Fall for Impressionism: Morisot and Monet to Picasso at MFAH

Claude Monet, Valley of the Creuse, Afternoon Sunlight (Vallée de la Creuse, soleil d’après-midi), 1889, oil on canvas, private collection.

To see an Impressionist painting is to peer back in time as only art allows us to do. Impressionism, an art movement and style that developed in Paris in the late 1800s, captured the fleeting emotions associated with life in late 19th century Paris. The artists’ elegantly depicted interpretations—in other words, their impressions—heavily influence the way we view the European cityscape and rural life amid changing seasons, shifting worldviews, and increasingly complex social dynamics. Arguably, in every scene, privacy was key but also in question.

Pablo Picasso, Woman Seated in an Armchair
(Femme assise dans un fauteuil), 1941, oil on canvas, private collection. © 2019 Estate of Pablo Picasso / Artists Rights Society (ARS), New York

This fall season, the Museum of Fine Arts, Houston presents Monet to Picasso: A Very Private Collection and Berthe Morisot: Impressionist Original, billed together under the theme of “An Impressionist Autumn,” on view Oct. 20, 2019 through Jan. 12, 2020. The two exhibitions offer museum visitors the chance to peek into the private lives of artist, muse, and society at large.

A Very Private Collection is just that—private.

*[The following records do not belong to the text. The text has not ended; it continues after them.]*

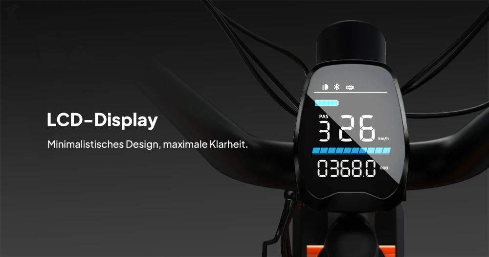 Es gibt vier Fahrmodi: Tretunterstützungsmodus: Stellen Sie die Unterstützungsstufe (0–5) über das Display ein. Daumengasmodus: Beschleunigen Sie Ihr E-Bike frei mit dem Daumengas. Normalmodus: Stellen Sie die Unterstützungsstufe auf 0 und treten Sie wie bei einem normalen Fahrrad. Schiebemodus: Halten Sie die Minustaste drei Sekunden lang gedrückt, um in den Schiebemodus zu wechseln. Das E-Bike fährt dann ohne manuelle Krafteinwirkung mit 4,83–6,44 km/h (3–4 mph) und lässt sich so auch auf unebenem Gelände (z. B. schmalen Wegen und steilen Hängen) leicht bewegen.
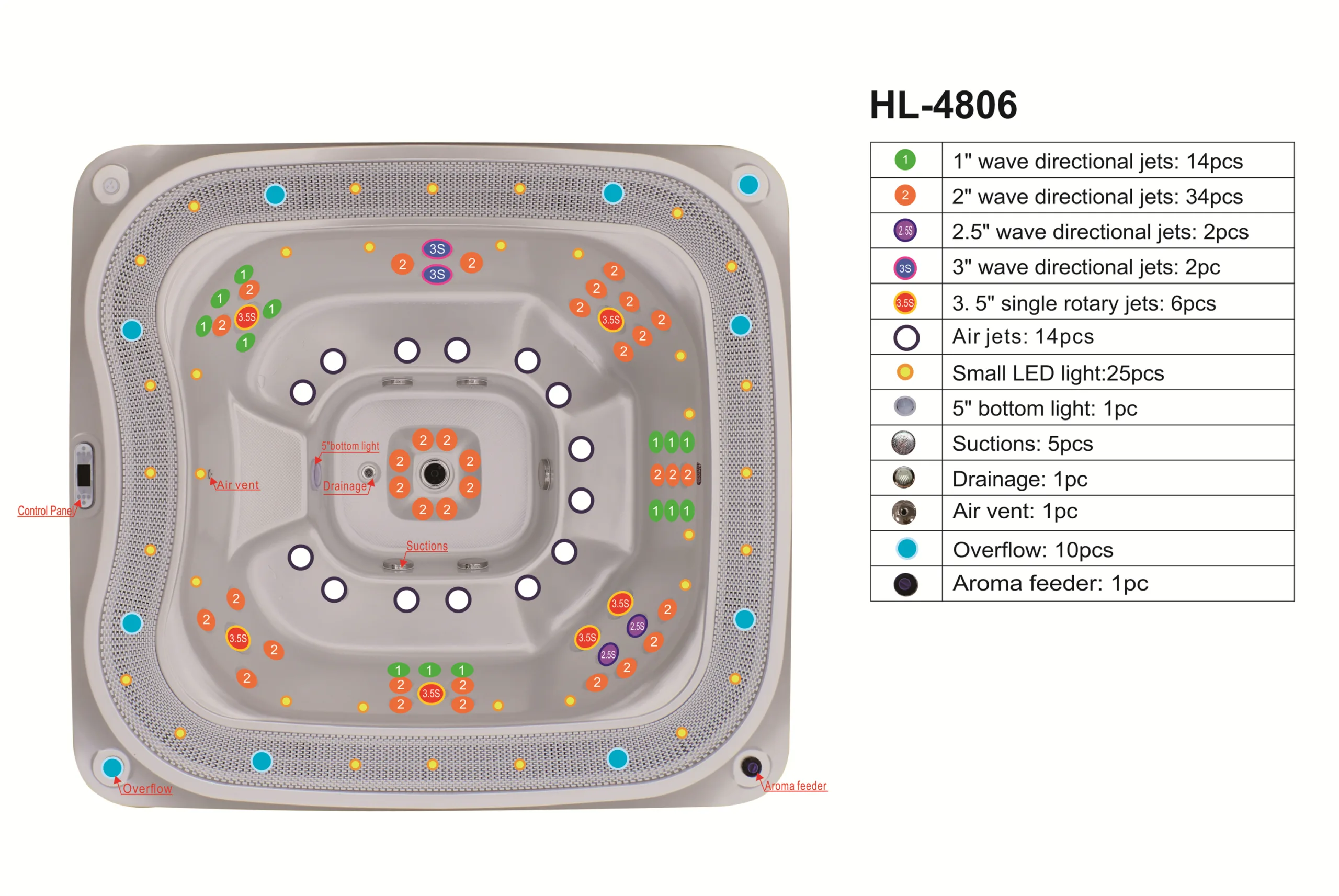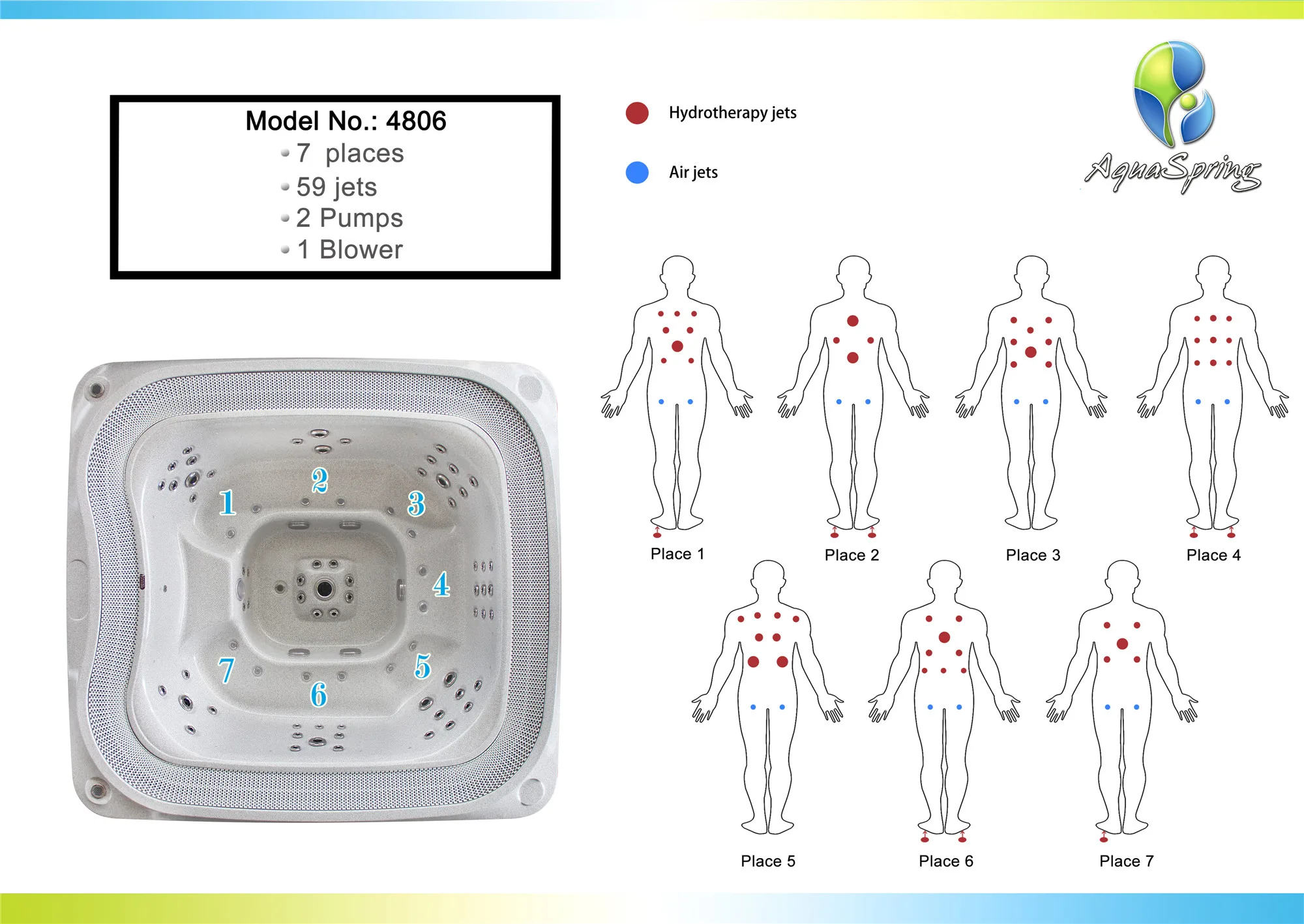 Model INFINITY 4806 kombinuje prostran dizajn, moćnu hidro-masažu i naprednu spa tehnologiju. Napravljen je od kvalitetnog 8mm akrila Lucite Int. (USA), sa masivnom inox konstrukcijom i Fiber-glass ojačanjem, što garantuje dugovečnost i sigurnost. Idealan je za luksuzne kuće, vikendice, hotele i wellness centre.
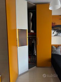 CAMERA PER RAGAZZI COMPONIBILE, COMPOSTA DA CABINA ARMADIO ANGOLARE 120x120 H260 ATTREZZATA CON RIPIANI ED APPENDERIE, CON 2 ANTE BICOLORE E STRUTTURA ROVERE CHIARO, PIÙ 2 MODULI DA 60xH260 CON ANTA TINTA UNITA. CASSETTIERA IN ROVERE CHIARO, LETTO SINGOLO COMPRESO DI MATERASSO, COMODINO CON CASSETTI BICOLORE E SEDIA CON RUOTE PER SCRIVANIA.
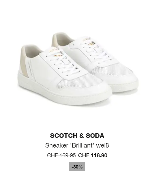 Beispielsweise erhält man so die Scotch and Soda Brilliant Sneaker für CHF ~100.- (Vergleichspreis Zalando CHF 115.-).
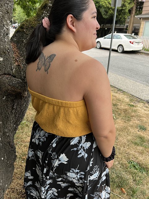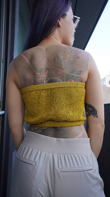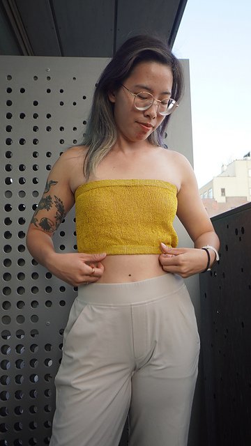 This sweet & simple summer knit is a thoughtful, wearable re-imagining of the classic bandeau. The design features options for creating a shorter, more fitted bralette with a ruched front, or a longer, looser tube top with more gathers...

The identity of the collector has been kept hush-hush. Dr. Helga Kessler Aurisch, Curator of European Art at the MFAH says the two exhibitions were “happy coincidences,” overseen by MFAH director Gary Tinterow.

While all of the works on exhibit hold special interest, Aurisch identifies several gems. For example, Van Gogh fans will enjoy his spectacular perspectival rooftop view from the window of his room in The Hague in 1882. Maurice de Vlaminc’s 1906 Dancer at the “Rat Mort” (La danseuse du “Rat Mort”) is a delight with his Fauve treatment of the figure; through color and gestural line, it’s as though we are witnessing a shift into the 20th century. And Henri Matisse’s 1943 still life titled Lemons against a Fleur-de-lis Background (Citrons sur fond rose fleurdelisé) vibrates with lively pink patterned wallpaper and a stacked brick platform, charged with Japonisme energy.

Berthe Morisot, Self-Portrait (Autoportrait), 1885, oil on canvas, Musée Marmottan Monet, Paris, Denis and Annie Rouart Foundation.

Berthe Morisot’s work is not included in this private collection but she commands singular attention in Berthe Morisot: Impressionist Original, an exhibition that complements the museum’s Beck collection. The golden hour of autumn spotlights the artist’s private life and she captures these moments with mastery, from the hand of someone who has known what it means to let go, whether that be of an expectation, a disappointment, or desire.

Morisot is known to many as a grande dame of Impressionism. During the time she came into her own as a professional artist, Paris was undergoing radical changes, growing from a city of half a million people in 1800 into an industrial metropolis of more than 3 million a century later, and social norms were no exception to the upheaval (just do a little reading about the ballerina scenes painted by Edgar Degas).

Morisot, from a well-to-do Parisian family, exhibited two paintings at age 23 in the Salon de Paris, and participated in six subsequent Salons. 1874, she joined the “rejected” Impressionists in their exhibition, alongside Paul Cézanne, Edgar Degas, Pierre-Auguste Renoir, and others.

Berthe Morisot, In England (Eugène Manet on the Isle of Wight) (Eugène Manet à l’Île de Wight), 1875, oil on canvas, Musée Marmottan Monet, Paris, Denis and Annie Rouart Foundation.

She met her longtime friend and colleague, Édouard Manet, as they were each copying paintings at the Louvre. Though he was married, letters to her mother (who chaperoned her each time she sat for him) suggest they were in love. At Manet’s suggestion, Moristot married his brother, Eugène, ensuring the two artists could see each other indefinitely, and properly, in the company of others. She was his leading muse; he painted her more times than he painted any other, and only in clothing. She never painted him and, once she married, Manet never painted her again.

The 23 paintings on view at the MFAH exemplify Morisot’s break with convention in pursuit of her art career. Poised and socially refined, she chose to exhibit under her full maiden name, and painted what she experienced on a daily basis, preferring private, domestic scenes which often depicted her daughter and sister.

The combination of Morisot’s painting style, brushwork, and subject matter is distinct. From the luxury of At the Ball in 1876, to her aging but confident self-portrait in 1885, to the psychological interior world of her teenage daughter, Julie, in 1894, just before the artist’s death the following year, Morisot is the picture of Impressionist originality.